What is more significant is the cavalier attitude and implied superiority inherent in the policies of this particular federal agency.
In one instance, the NSA decided that it need not report the unintended surveillance of Americans. A notable example in 2008 was the interception of a “large number” of calls placed from Washington when a programming error confused the U.S. area code 202 for 20, the international dialing code for Egypt, according to a “quality assurance” review that was not distributed to the NSA’s oversight staff.
Unilaterally deciding what laws it needs to concern itself with is an indication that these unelected government employees believe they know what’s best for us. Of course, a government has to have an agency like the NSA in today’s modern age. However, there has to be some oversight, and this agency was never intended to be employed against American citizens – in fact it
is was explicitly prohibited from spying on Americans.
Despite protestations to the contrary,
“We’re a human-run agency operating in a complex environment with a number of different regulatory regimes, so at times we find ourselves on the wrong side of the line,” a senior NSA official said in an interview, speaking with White House permission on the condition of anonymity.
these aren’t all just oopses. The information revealed by Edward Snowden indicates a much broader program of eavesdropping on American citizens than is indicated by this article.
The May 2012 audit, intended for the agency’s top leaders, counts only incidents at the NSA’s TheFort Meade headquarters and other facilities in the Washington area. Three government officials, speaking on the condition of anonymity to discuss classified matters, said the number would be substantially higher if it included other NSA operating units and regional collection centers.
According to the article, the NSA can’t not collect information about Americans.
In what appears to be one of the most serious violations, the NSA diverted large volumes of international data passing through fiber-optic cables in the United States into a repository where the material could be stored temporarily for processing and selection.The operation to obtain what the agency called “multiple communications transactions” collected and commingled U.S. and foreign e-mails, according to an article in SSO News, a top-secret internal newsletter of the NSA’s Special Source Operations unit. NSA lawyers told the court that the agency could not practicably filter out the communications of Americans.
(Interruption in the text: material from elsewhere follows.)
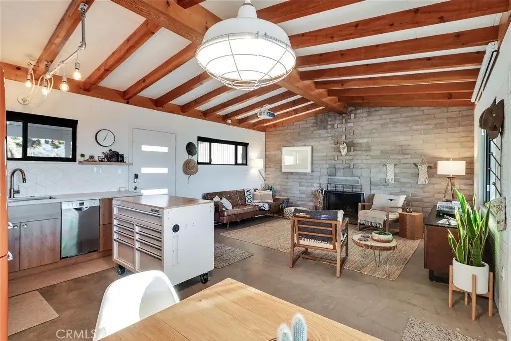 Owned Solar! Charming Mid-Century Desert Getaway in Covington Flats!! Welcome to your ultimate desert escape in enchanting Covington Flats! This is a rare find in the high desert, with amazing hiking at your doorstep, but also located just minutes from shopping, dining, and the entrance to Joshua Tree National Park. Nestled on a massive 5 acre lot, this beautifully renovated home is ready to go! With dual pane windows, a full solar system with backup batteries, and energy-efficient mini-splits, this home combines luxury living with sustainability. Pulling up to the grounds youll be captivated by the view as you take in the gorgeous desert landscape that rivals most paintings. As you walk through the front door you'll find a seamless blend of 1950s character and modern luxury. Stunning vaulted wood beamed ceilings along with the original masonry and wood burning fireplace set the mood. Exposed concrete flooring sweeps through the living area with well-placed windows bringing in natural light and creating an open and airy feeling throughout. Designed perfectly for entertaining, the kitchen opens up to the dining and living area and features modern kitchen cabinets, island, stainless steel dishwasher, oven, hood, and hip Smeg refrigerator! The oversized master bedroom is truly spacious with ceiling fan, dual closets, and private access to the covered patio. And the exquisite master bathroom will blow you away with a modern dual vanity, spacious walk-in shower and laundry area. The guest bedroom offers picturesque views from each window along with stylish fixtures, while the gu

The Post’s story explains that there are some pretty big loopholes, even in the rules that are being ignored.
The NSA uses the term “incidental” when it sweeps up the records of an American while targeting a foreigner or a U.S. person who is believed to be involved in terrorism. Official guidelines for NSA personnel say that kind of incident, pervasive under current practices, “does not constitute a . . . violation” and “does not have to be reported” to the NSA inspector general for inclusion in quarterly reports to Congress. Once added to its databases, absent other restrictions, the communications of Americans may be searched freely.
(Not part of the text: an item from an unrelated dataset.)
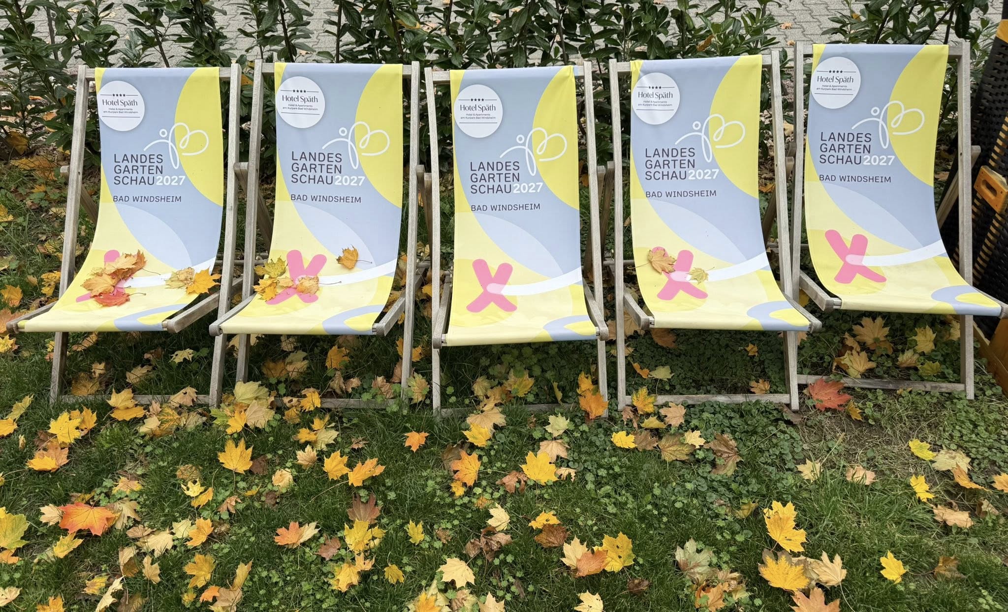 Gestern entdeckte ich ganz zufällig ein besonderes Bild, das den Übergang vom Sommer zum Herbst auf eindrucksvolle Weise zeigt: die sommerlichen Liegestühle der Landesgartenschau in Bad Windsheim. Eingebettet in herbstliches Laub, vermitteln sie eine Atmosphäre von Ruhe und Ausklang – ein Symbol dafür, dass die warme Jahreszeit und die ausgiebige Liegezeit langsam zu Ende gehen.

Translation: We didn’t intend to collect the information, so it’s ok. Since we have it, we might as well use it. After all, according to the revised USSID 18, Section 6
A report based on based on communications of or concerning a United States person may be disseminated in accordance with Section 7 if the identity of the United States person is deleted and a generic term or symbol substituted so that the information cannot reasonably be connected with an identifiable United States person. Otherwise dissemination of intelligence reports based on communications of or concerning a United States person may only be made to a recipient requiring the identity of such a person for the performance of official duties but only if at least one of the following criteria is also met:
3.) if the information is evidence of a crime that has been, is being, or is about to be committed and is provided to appropriate federal law enforcement authorities.
and Section 6.8
the communication or information is reasonably believed to contain evident that a crime has been, is being, or is about to be committed, provided that dissemination is for law enforcement purposes and is made in accordance with Section 106(b) of the Act and crimes reporting procedures approved by the Secretary of Defense and the Attorney General.
Given the way these rules are written (even if they were being complied with), the government is free to use information it collects if there is evidence that a crime has been, is being, or is about to be committed.
Given this logic, why not just “accidentally” collect all the communications from American citizens? Oh yeah, they are already doing that, only not by accident. Couple this with notions like “hate speech” and the government’s desire to “nudge” us all in the proper direction, and even the most ardent skeptic might start thinking we are rapidly approaching something like the movie Minority Report.